Traceback from stopping the test:
File "/home/eric/dev/pycid/pycid/core/cpd.py", line 219, in initialize_tabular_cpd
[[complete_dictionary(self.stochastic_function(**i))[t] for i in self.parent_values(cid)] for t in domain]
File "/home/eric/dev/pycid/pycid/core/cpd.py", line 219, in <listcomp>
[[complete_dictionary(self.stochastic_function(**i))[t] for i in self.parent_values(cid)] for t in domain]
File "/home/eric/dev/pycid/pycid/core/cpd.py", line 219, in <listcomp>
[[complete_dictionary(self.stochastic_function(**i))[t] for i in self.parent_values(cid)] for t in domain]
File "/home/eric/dev/pycid/pycid/core/cpd.py", line 207, in complete_dictionary
missing_keys = set(domain) - set(dictionary.keys())
KeyboardInterrupt
I don't know the details of what it's trying to do but in my tests sometimes matrix
in initialize_tabular_cpd
will have shapes like (107, 4096)
or (32, 5120)
and take a long time to generate.

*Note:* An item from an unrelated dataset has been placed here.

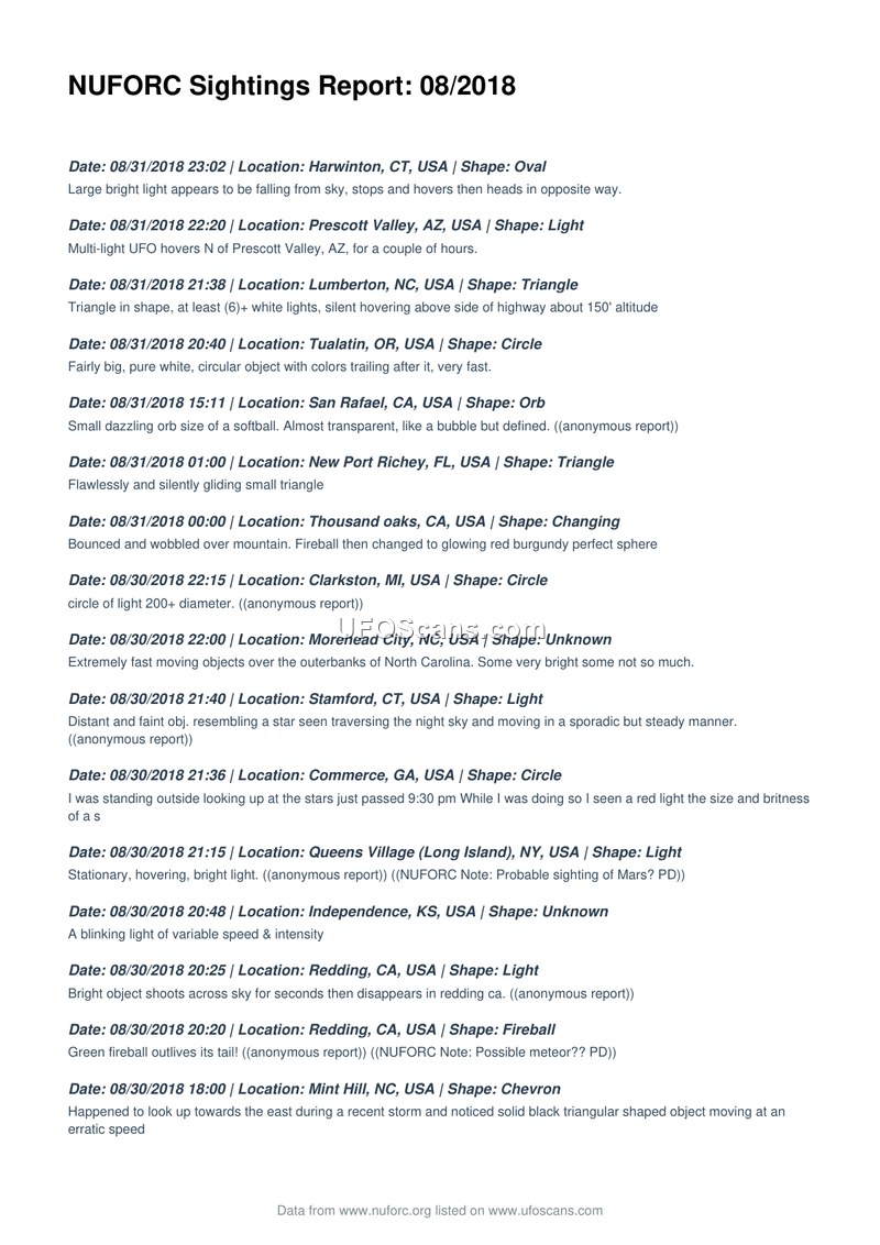 NUFORC Sightings Report: 08/2018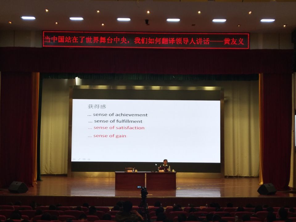 4月10日下午,中国人民政治协商会议第十一届、十二届全国委员会委员,全国政协外事委员会委员,中国经济社会理事会理事,国务院学位委员会委员,中国译协常务副会长、中国翻译研究院副经理、全国翻译资格(水平)考试英语专家委员会主任、全国翻译系列高级职称任职资格评审委员会主任、全国翻译研究生专业学位教学指导委员会主任委员、教育部外语中文译写规范和中华思想文化术语传播部际联系会议首席专家黄友义教授应邀来公司讲学,在秀山校区新老员工活动中心与公司师生分享自己的翻译心得和经验。报告会由副董事长葛芦生主持,瑞科翻译有限公司左仁君总经理、江苏省工程技术翻译院有限公司包亚芝总经理、VSport师生及其他公司员工听取了报告。

When it runs quickly the shapes are more like (9, 80)
. The first index is card
.
Interesting. I've never noticed it failing locally, but I have seen the github actions version time out occasionally.
My guess is that the matrices get really large when a single node have many parents, because the number of possible parent outcomes grows exponentially with the number of parents. Probably we should add a max_degree parameter to random_cid, and avoid adding edges going into nodes with many parents.
Alternatively/additionally, we can set the random seed in the test
Also, I did just push an improvement to random_cpd which I think should generally lead to smaller matrices. So with a bit of luck, the problem has already been solved.